(Work instructions) All entries below must be retyped exactly, though pictures are to be skipped.

(Input material)
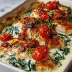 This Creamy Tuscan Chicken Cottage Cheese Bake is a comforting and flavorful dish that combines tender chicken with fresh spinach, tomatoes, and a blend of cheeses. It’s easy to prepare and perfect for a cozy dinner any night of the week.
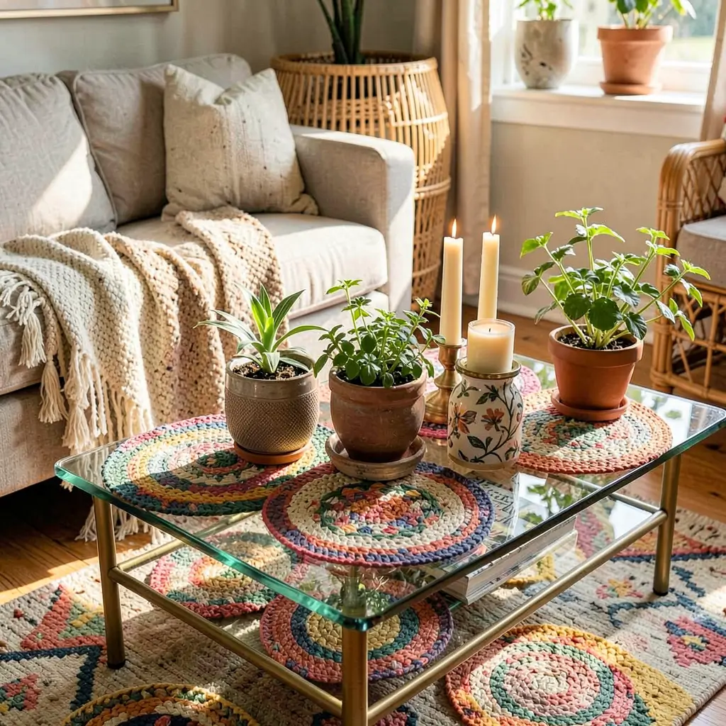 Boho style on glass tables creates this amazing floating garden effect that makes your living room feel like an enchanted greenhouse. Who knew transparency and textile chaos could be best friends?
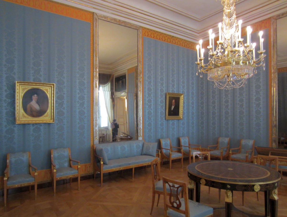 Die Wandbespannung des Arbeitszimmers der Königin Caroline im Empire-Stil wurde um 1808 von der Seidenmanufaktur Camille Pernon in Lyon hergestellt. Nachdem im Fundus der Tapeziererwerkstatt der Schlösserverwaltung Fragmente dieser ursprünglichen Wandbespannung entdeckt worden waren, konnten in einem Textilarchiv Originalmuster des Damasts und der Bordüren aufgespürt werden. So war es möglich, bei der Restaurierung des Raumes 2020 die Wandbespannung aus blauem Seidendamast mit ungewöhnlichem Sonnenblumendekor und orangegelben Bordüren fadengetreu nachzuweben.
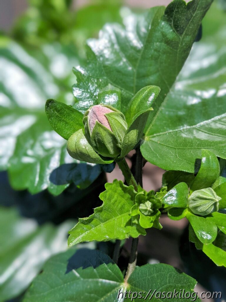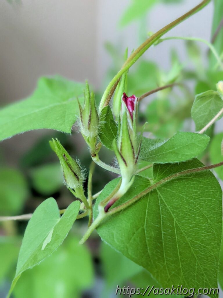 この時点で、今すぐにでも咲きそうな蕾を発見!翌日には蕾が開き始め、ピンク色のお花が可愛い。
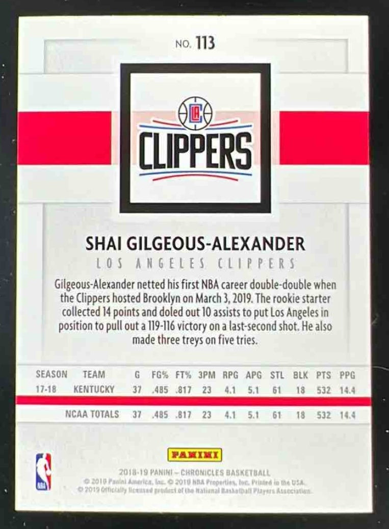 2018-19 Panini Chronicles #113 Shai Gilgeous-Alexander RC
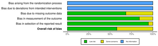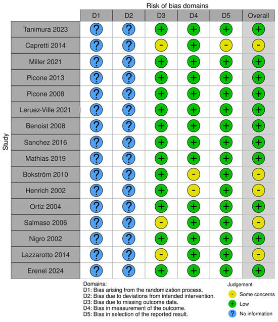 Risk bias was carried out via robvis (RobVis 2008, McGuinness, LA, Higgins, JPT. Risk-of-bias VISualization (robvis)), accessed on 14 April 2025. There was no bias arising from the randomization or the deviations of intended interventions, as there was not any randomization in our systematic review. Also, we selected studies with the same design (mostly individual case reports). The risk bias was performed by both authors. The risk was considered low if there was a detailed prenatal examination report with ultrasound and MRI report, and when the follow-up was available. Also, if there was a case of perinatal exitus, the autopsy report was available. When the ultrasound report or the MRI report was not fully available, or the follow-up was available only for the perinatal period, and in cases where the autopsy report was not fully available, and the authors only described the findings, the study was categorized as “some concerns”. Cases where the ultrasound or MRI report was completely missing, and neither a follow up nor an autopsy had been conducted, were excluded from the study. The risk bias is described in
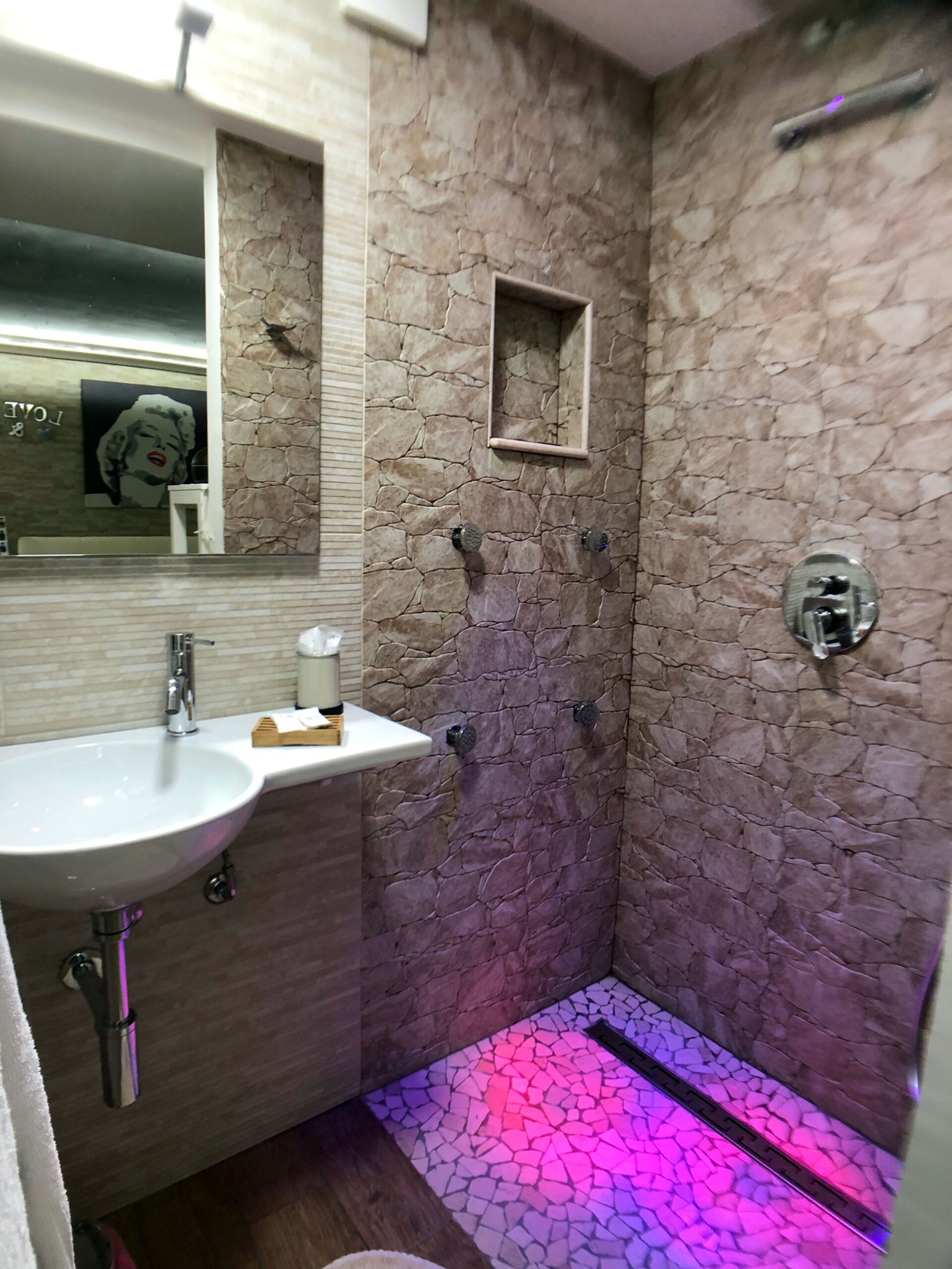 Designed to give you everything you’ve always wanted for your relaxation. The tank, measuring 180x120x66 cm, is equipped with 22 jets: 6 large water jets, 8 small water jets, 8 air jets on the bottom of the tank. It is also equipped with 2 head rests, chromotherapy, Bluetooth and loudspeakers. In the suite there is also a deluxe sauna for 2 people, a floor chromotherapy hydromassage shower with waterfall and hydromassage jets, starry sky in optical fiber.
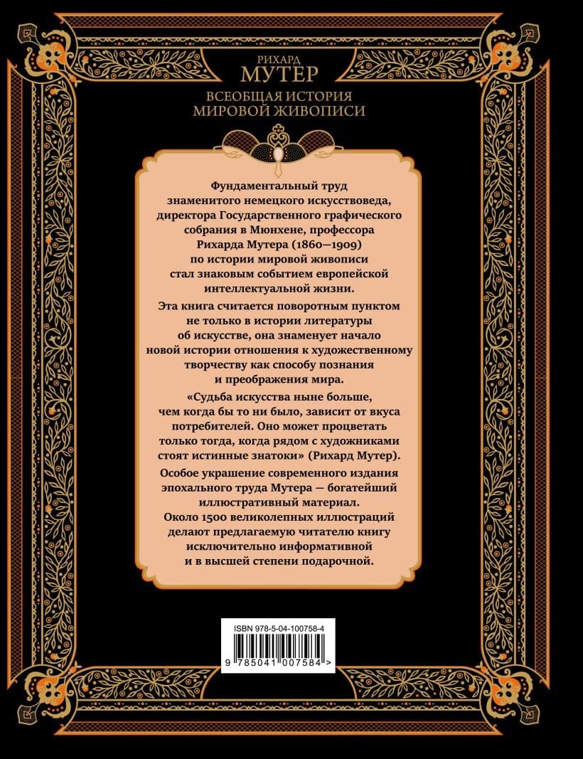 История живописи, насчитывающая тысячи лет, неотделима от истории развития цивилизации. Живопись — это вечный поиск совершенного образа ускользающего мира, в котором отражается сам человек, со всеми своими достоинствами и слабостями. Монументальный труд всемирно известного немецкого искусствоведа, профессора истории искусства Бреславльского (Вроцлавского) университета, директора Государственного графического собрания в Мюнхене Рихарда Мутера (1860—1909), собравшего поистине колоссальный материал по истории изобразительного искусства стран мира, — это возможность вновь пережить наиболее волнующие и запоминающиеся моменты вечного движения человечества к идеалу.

(Reply)
 This Creamy Tuscan Chicken Cottage Cheese Bake is a comforting and flavorful dish that combines tender chicken with fresh spinach, tomatoes, and a blend of cheeses. It’s easy to prepare and perfect for a cozy dinner any night of the week.
 Boho style on glass tables creates this amazing floating garden effect that makes your living room feel like an enchanted greenhouse. Who knew transparency and textile chaos could be best friends?
 Die Wandbespannung des Arbeitszimmers der Königin Caroline im Empire-Stil wurde um 1808 von der Seidenmanufaktur Camille Pernon in Lyon hergestellt. Nachdem im Fundus der Tapeziererwerkstatt der Schlösserverwaltung Fragmente dieser ursprünglichen Wandbespannung entdeckt worden waren, konnten in einem Textilarchiv Originalmuster des Damasts und der Bordüren aufgespürt werden. So war es möglich, bei der Restaurierung des Raumes 2020 die Wandbespannung aus blauem Seidendamast mit ungewöhnlichem Sonnenblumendekor und orangegelben Bordüren fadengetreu nachzuweben.
 この時点で、今すぐにでも咲きそうな蕾を発見!翌日には蕾が開き始め、ピンク色のお花が可愛い。
 2018-19 Panini Chronicles #113 Shai Gilgeous-Alexander RC
 Risk bias was carried out via robvis (RobVis 2008, McGuinness, LA, Higgins, JPT. Risk-of-bias VISualization (robvis)), accessed on 14 April 2025. There was no bias arising from the randomization or the deviations of intended interventions, as there was not any randomization in our systematic review. Also, we selected studies with the same design (mostly individual case reports). The risk bias was performed by both authors. The risk was considered low if there was a detailed prenatal examination report with ultrasound and MRI report, and when the follow-up was available. Also, if there was a case of perinatal exitus, the autopsy report was available. When the ultrasound report or the MRI report was not fully available, or the follow-up was available only for the perinatal period, and in cases where the autopsy report was not fully available, and the authors only described the findings, the study was categorized as “some concerns”. Cases where the ultrasound or MRI report was completely missing, and neither a follow up nor an autopsy had been conducted, were excluded from the study. The risk bias is described in
 Designed to give you everything you’ve always wanted for your relaxation. The tank, measuring 180x120x66 cm, is equipped with 22 jets: 6 large water jets, 8 small water jets, 8 air jets on the bottom of the tank. It is also equipped with 2 head rests, chromotherapy, Bluetooth and loudspeakers. In the suite there is also a deluxe sauna for 2 people, a floor chromotherapy hydromassage shower with waterfall and hydromassage jets, starry sky in optical fiber.
 История живописи, насчитывающая тысячи лет, неотделима от истории развития цивилизации. Живопись — это вечный поиск совершенного образа ускользающего мира, в котором отражается сам человек, со всеми своими достоинствами и слабостями. Монументальный труд всемирно известного немецкого искусствоведа, профессора истории искусства Бреславльского (Вроцлавского) университета, директора Государственного графического собрания в Мюнхене Рихарда Мутера (1860—1909), собравшего поистине колоссальный материал по истории изобразительного искусства стран мира, — это возможность вновь пережить наиболее волнующие и запоминающиеся моменты вечного движения человечества к идеалу.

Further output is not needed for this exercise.